В ноябре Юрий Бутусов радует своих поклонников сразу двумя премьерами. В московском Театре имени Пушкина вышли «Барабаны в ночи», а в петербургском Театре имени Ленсовета, где он уже пять лет трудится главным режиссером, — пьеса-акция «Мама». Корреспондент «Известий» Евгений Авраменко встретился с героем месяца.
— Раннюю пьесу Брехта «Барабаны в ночи» вы предлагали Константину Райкину, когда он впервые пригласил вас на постановку в «Сатирикон»…
— Да, это было больше десяти лет назад. Я предложил три названия: «Сорок первый» Лавренева, «Макбетт» Ионеско и «Барабаны в ночи». Было у меня такое правило — я сам для себя его установил, — что нужно предлагать три варианта. Чтобы оставался какой-то воздух, наверное.
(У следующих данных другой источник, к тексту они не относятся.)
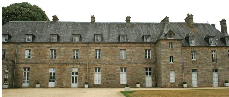
Château de Quintin
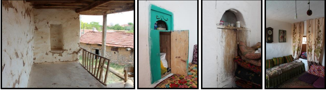
Şekil 41. Can Ailesi Konutu- Dış Sofa Tavalığı (Kaynak: Merve Karaoğlu Can Fotoğraf Arşivi, 2017).
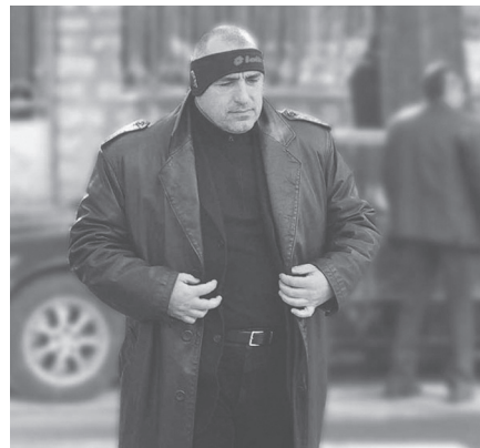
Bojko Boriszov, a Belügyminisztérium főtitkára, 2003. http://e-vestnik.bg/16071/prisadana-ot-strasburg-sreshtu-borisov-e-samo-nachaloto/ ; https://www.mediapool.bg/boiko-borisov-e-noviyat-kmet-na-sofiya-news110798.html

Sem Zsivkovot, sem kormányának tagjait nem vonták felelősségre az etnikai tisztogatás miatt. A korábbi Jugoszlávia miatt létrehozott hágai Nemzetközi Törvényszék (ICTY) 1993-ban alakult meg, mikor még dúltak a jugoszláviai háborúk, de hasonló törvényszék gondolata Zsivkovék 1989-es tetteivel kapcsol-

И Константин Аркадьевич выбрал «Макбетта». Но Брехт не уходил из моего сознания. У меня есть свой «портфель пьес», багаж еще с институтских времен. Просто настал момент — и вот этот текст появился на поверхности.
— Брехт был недоволен собственным созданием и не включил его в собрание своих сочинений. А чем вам интересны «Барабаны...»?
— Мне как раз нравится, что в ней много каких-то ошибок, нелепостей, несуразностей (в хорошем смысле!), которые мне страшно симпатичны. Есть своя красота в этой неотшлифованности. Ранний Брехт словно швыряет краску на холст, не думая ни о сюжете, ни о смысле, но есть мощная экспрессия эмоционального выплеска. И это совпадает с моими недавними размышлениями о природе театральности.
— Теперь о петербургской премьере. Как вы набрели на «Маму» Аси Волошиной?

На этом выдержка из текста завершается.